# Confusion!!



## mountaincountry (Jun 15, 2008)

Maybe someone can help me here. I have been in a rocky marriage for 14 years. I guess looking back it started out rocky and I was determined(too determined???) to make it work anyway. It would take 3 pages of writing to explain all the details so I will try to get to the main question I have at this point. 
I have read the 5 love languages, listened to marriage tapes, gone to counselors,etc... All seem to tell me that I should be romantic and loving toward my wife, shower her with affection, etc....After so many years of trying to make this work, you can bet I've tried all of that, and several times. She seems to hint to me that she needs this and isn't getting it.
Here is the kicker....... every time I do these things, she starts treating me worse and worse! Its like she thinks that now she has the upper hand and I must be desperate for her, so she can get away with treating me like [email protected]#!!!.
I've given up my dreams and moved to a place I don't like to try and save our marriage,thinking that she would be happier, and it only made things worse......... It was like she got a taste of what her threats(divorce,taking the kids etcc...) could make me give up, and she proceeded to start making more........leading up to the point of telling me she wanted to have her own life and not answer to me anymore.(She still wanted to live with me and have me pay for everything, just have no input into her life at all).
This phase was about 7 years ago. Now things have taken a different turn and she seems to want to start all over and go back. It's tough for me to forget all that stuff, especially since she still pulls the same tricks,lies,etc...
I hope I am not rambling too badly from the main thing I don't understand. Why does it get worse, the better I treat her????? I can't help but feel that I need someone who will appreciate the things I give her. I can't be loving and kind or I will be taken advantage of. I wish I could be. I want to be that way,I feel I have alot of love to give, But I don't trust her with my heart. Like I said before, I have many,many examples of reasons for this, but I think it would take a book to contain them all.
The strange thing is......she tells me she loves me constantly, but I find out through others that she is bad-mouthing me and telling lies to paint me in a negative light to her friends and family........Maybe she secretly wants out of this, but wants me to be the one to end it? So as not to look bad in front of her family,the church,etc...????


----------



## justean (May 28, 2008)

i have been with hubby 13 years. ups and downs all the time, who doesnt and you are no different. what i have learnt is we can change a certain degree of ourselves, but we end up going back to our old selves. 
so its just up to u how much u want to put up with it. 
as u have questions, then u need her to answer them. no one else can do that for you. 
you wont forget whats happened. no one does if it hurts. but the ? is can u forgive? 
is does seem like she likes control over u, but try and come to a compromise. b open and honest.
confront her as to what you know, she is saying about you. 
we all have issues with partners. so we do have a winge about eachother. 
your talking about your situation now and we r all strangers on this forum. its how we deal with life, we need to vent frustrations, but you need to chat with your missus.


----------



## Corina (May 15, 2008)

Hi MC & welcome to the the forum. 

I've seen other relationships in which the woman seems to be really spiteful and manipulative in order to get what she wants, and men who try and try and try and it's still not right ("if i have to ask for it, and then you give it to me, then i know it's not from the heart"..."if you really loved me then you would know what i want"...etc). 

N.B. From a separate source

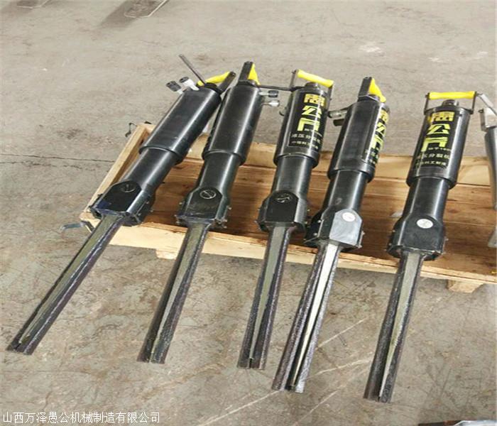 劈裂機要和各種石頭打交道,就是要硬碰硬,當然很重要,有些廠家吹噓自己的產品,但是因為使用的劣質用料不好而成了產品。對于客戶來說就是要物超所值,產品的很重要。巖石機是巖石的抗拉性比較弱這點出發而研發出來專門石頭的,作業是靜態分離,劈裂無振動、無沖擊、無噪音,無粉塵,數秒鐘內完成,工作時不影響周邊,也不受周邊的影響,在狹窄、的中也可操作,并且操作簡單易上手,單人既可完成作業。而且一臺手持式巖石劈裂機可配置1~5支,很大限度了工作效率,。無噪音、無震動、非常;穩定性強裝材料加工,100多個和地區客戶驗證。品質是信賴保證。參考目前國內許多同行產品均現楔塊卡在孔內無法拔,液壓管經受不了液壓壓力而現爆管現象等;操作簡單不需要繁瑣操作程序,也不要求操作人員有高超技術,按下挖掘機開關即可操作。1) 安全性 愚公斧分裂機在靜態液壓環境下可控制性的工作,不會像***和其它沖擊性拆除、鑿巖設備那樣產生一些危險隱患;無需采取復雜的安全措施。2) 環保性 愚公斧分裂機工作時,不會產生震動、沖擊、噪音、粉塵、飛屑等,周圍環境不會受到影響,即使在人口稠密地區或室內,以及精密設備旁,都可以無干擾地工作。3) 經濟性 愚公斧分裂機數秒鐘可完成分裂過程,并且可連續無間斷地工作,效率高,運行及保養成本很低,無需像***作業那樣采取隔離或其他耗時和昂貴的安全措施。4) 精確性 與大多數傳流的拆除方法和設備不同,愚公斧分裂機可以先精確的確定分裂方向,分裂形狀以及需要的出部分尺寸,分裂精度高。5) 適用性 愚公斧分裂機人性化的外形設計和耐用性結構設計,確保了其使用方法單易學,僅需***,維護保養便捷,使用壽命長;分裂機和液壓泵站搬運十分方便。四、愚公斧分裂機基本參數(三種型號槍頭)分裂力: 1000噸所需鉆孔直徑 :Φ42mm 46mm 50mm額定油壓 : 60Mpa壓力油標號: 46#或68#油箱儲油量: 22~60單槍體積重量(含劈塊):35kg液壓泵站重量(含機架): 125kg/臺柴油動力: 8匹電機功率: 4KW運輸包裝: 統一木箱工作壽命:正常使用下,內部液壓系統可達10年以上。楔鐵壽命可達30000次重復工作五、劈裂孔設置劈裂孔的合理設置是保證作業質量和工作效率的關鍵,以下幾個參數是劈裂點設置的關鍵:(1)底孔軸線是否在同一平面;(2)底孔深度;(3)底孔間距。打孔時 (2)、(3)中的具體數值設置,主要取決于愚公斧分裂機的型號,同時受巖石的密度、強度等影響。例如450型分裂機在劈裂花崗巖巖石時候,須在要分裂處打50mm的孔徑,100cm的孔深,50-100cm的孔距。(孔須在一條***)分裂完成后大概可分1-3方左右巖石。

Unfortunately I saw this with my parents for a while, and my brother and I both asked ourselves 'When is Dad going to develop a backbone and stop giving in to her games'. But it always takes two to tango...



mountaincountry said:


> ...
> All seem to tell me that I should be romantic and loving toward my wife, shower her with affection, etc....


Well, okay, but men/husbands have the exact same rights - you also deserve to get this back from her!



mountaincountry said:


> .... It was like she got a taste of what her threats(divorce,taking the kids etcc...) could make me give up, and she proceeded to start making more........leading up to the point of telling me she wanted to have her own life and not answer to me anymore...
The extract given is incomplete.